Let $f : Spec(A) \rightarrow Spec(B)$ correspond to a ring homomorphism $\phi : B \rightarrow A$. Let $I$ be an ideal of $A$. Then, $\overline{f(V(I))} = V(\phi^{-1}(I))$.
This theorem is stated in the Wikipedia article but without proof. I've attempted to prove it as follows:
If $p \in Spec(A)$ contains $I$, then $f(p) = \phi^{-1}(p)$ contains $\phi^{-1}(I)$, as for $b \in B$, $b \in \phi^{-1}(I) \leftrightarrow \phi(b) \in I \rightarrow \phi(b) \in p \leftrightarrow b \in \phi^{-1}(p)$ . Therefore, $f(V(I)) \subseteq V(\phi^{-1}(I))$ .
But I'm stuck on the part where we finish the proof by taking closures and showing they're equal. Can you please help me?

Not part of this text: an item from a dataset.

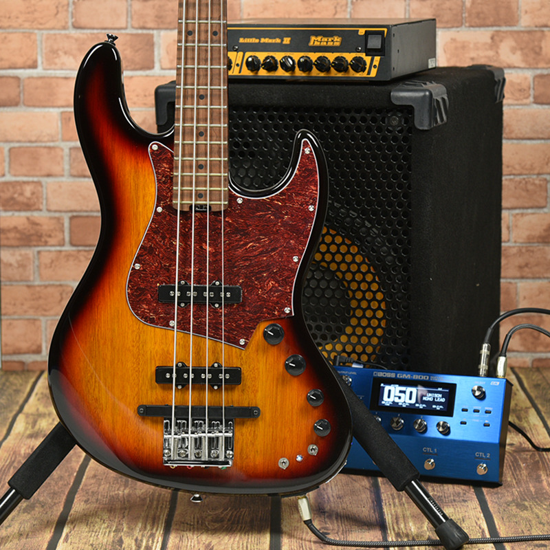 フルサイズのモデルよりもわずかに細身のディンキーシェイプのボディを採用した4弦エレキベースです。ボディ材にはナトーを採用し、楽器としてバランスの取れたサウンドとなっています。

Let $C$ be a closed subset of $\operatorname{Spec} B$ containing $f(V(I))$. We can write $C = V(J)$ for some ideal $J$ of $B$. Since $V(J) \supset f(V(I))$ then $f^{-1}(V(J)) \supset V(I)$, i.e., $V(\phi(J)) \supset V(I)$. So $\phi(J) \subset I$, which implies $J \subset \phi^{-1}(I)$. Therefore $V(J) \supset V(\phi^{-1}(I))$, that is, $C\supset V(\phi^{-1}(I))$. Since $C$ was arbitrary, $\overline{f(V(I))} \supset V(\phi^{-1}(I))$. On the other hand, $V(\phi^{-1}(I))$ is already a closed subset of $\operatorname{Spec}A$ containing $f(V(I))$: $$f^{-1}[V(\phi^{-1}(I))] = V(\phi(\phi^{-1}(I))) \supset V(I)$$ so $V(\phi^{-1}(I)) \supset f(V(I))$. Consequently, $\overline{f(V(I))} = V(\phi^{-1}(I))$.